Villegas on how the wind affected play: "Downwind you can hit a drive that goes 370 yards, and then you get into the wind and you're hitting a driver 230. I mean, on the sixth hole I believe I had 205 to the front, and I killed a 3-wood, perfect, and it pitched two yards on. My 3-wood normally carries 260."
Jim Furyk (71-71), on playing with Villegas and watching his five consecutive birdies: "I can see it happening, but just as quick as that happens, I can understand five bogeys in a row, too. It's a tough golf course."
Greg Norman (70-70), asked during a press conference whether, given his minimal expectations entering the Open, he had made any alternative plans for the weekend in case he missed the cut: "No. [Laughter.] Boy, I missed you guys." [Laughter.]
Norman, estimating his tennis expertise after marrying Chris Evert: "I'm about a 20-handicap or 18-handicapper. I'm just learning how to get it back across the net."
Adam Scott (70-74), on Norman, a fellow Aussie 25 years his senior: "When he was one under through nine and I was still around the mark, I was trying to get myself up there so I could maybe play with him over the weekend. That would have been awesome--paired with him late in an Open at the weekend would be great. I'll have to play well tomorrow, and hopefully I'll catch him Sunday."
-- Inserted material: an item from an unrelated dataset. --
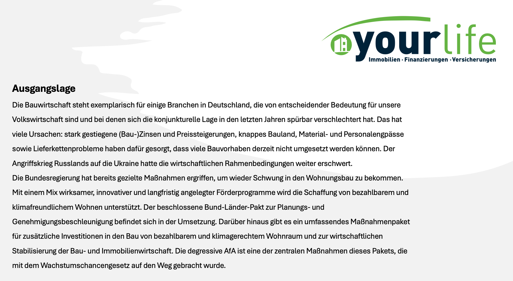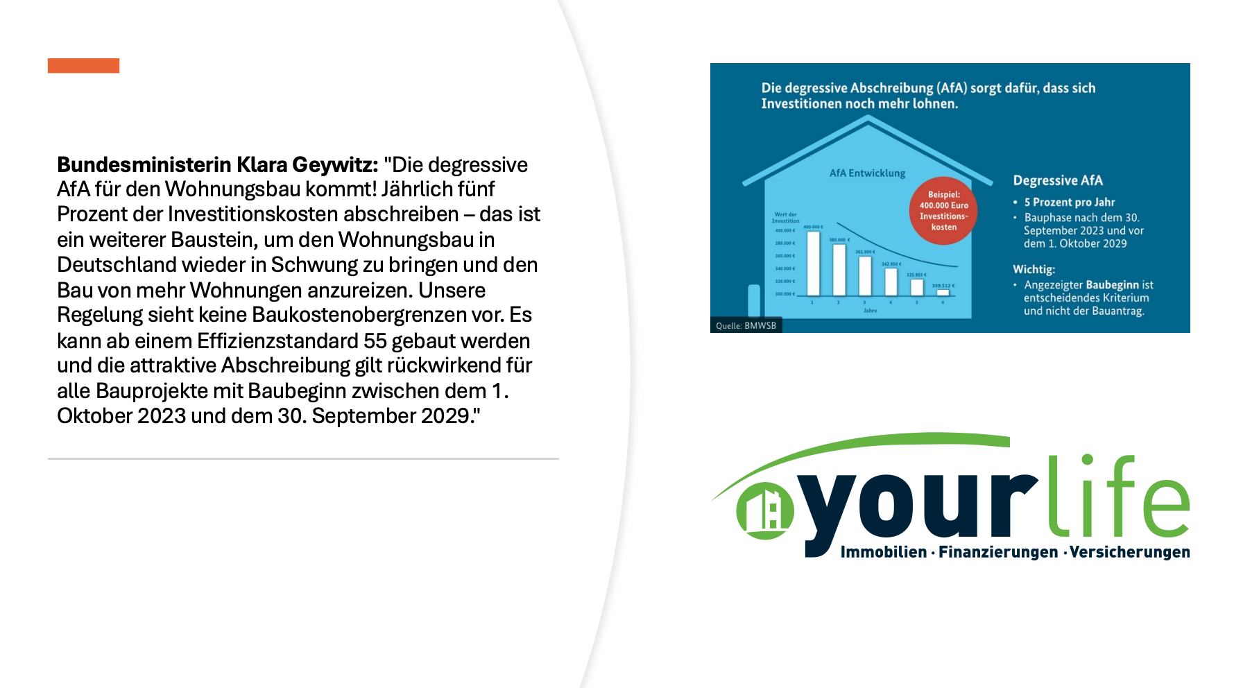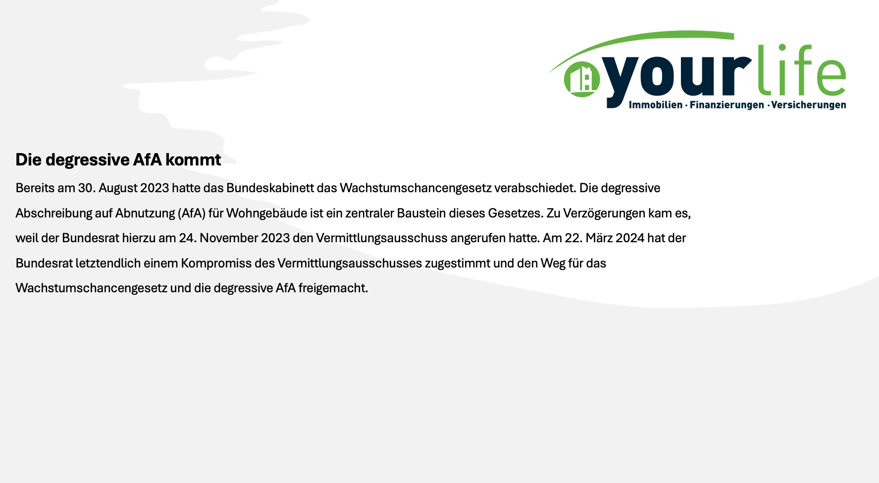 Degressive AfA – 5 Prozent, 6 Jahre! Mit diesem Blog werden wir das komplexe Thema „Immobilien & Grundstücke“ mit den wichtigsten Themen erklären. Blog – Beiträge mit Themen zur Immobilienbranche Degressive AfA – 5 Prozent, 6 Jahre! Sie möchten zu diesem Thema beraten werden? Nehmen Sie unverbindlich mit uns Kontakt auf!Kontaktaufnahme

Rocco Mediate (69-73): "I hit the ball a million times better today, shot four shots higher. Go figure."
Sergio Garcia (72-73), on three-putting the 18th: "While I appeared calm on the outside, the things I was saying to myself were not very nice."
Mark O'Meara (74-77), the Open champion at Birkdale in 1998: "I putted so badly for two days... I'm not a real happy camper right now."
Robert Allenby (69-73): "You can't attack this golf course. As soon as you start attacking it, it'll grab you and chew you up, that's for sure."
Graeme McDowell (69-73): "Four or five days swinging the golf club in this kind of wind I think inevitably takes its toll a little bit, and I felt my rhythm wasn't quite there the first 10 or 11 holes."
Jean Van de Velde (73-71), on waking up at 4:30 a.m. for his 6:30 starting time: "It's been a while since I've done that, but when I play the Open or other big tournaments, I'd be happy to come down at 6:30 every day if I could keep playing golf for many years to come."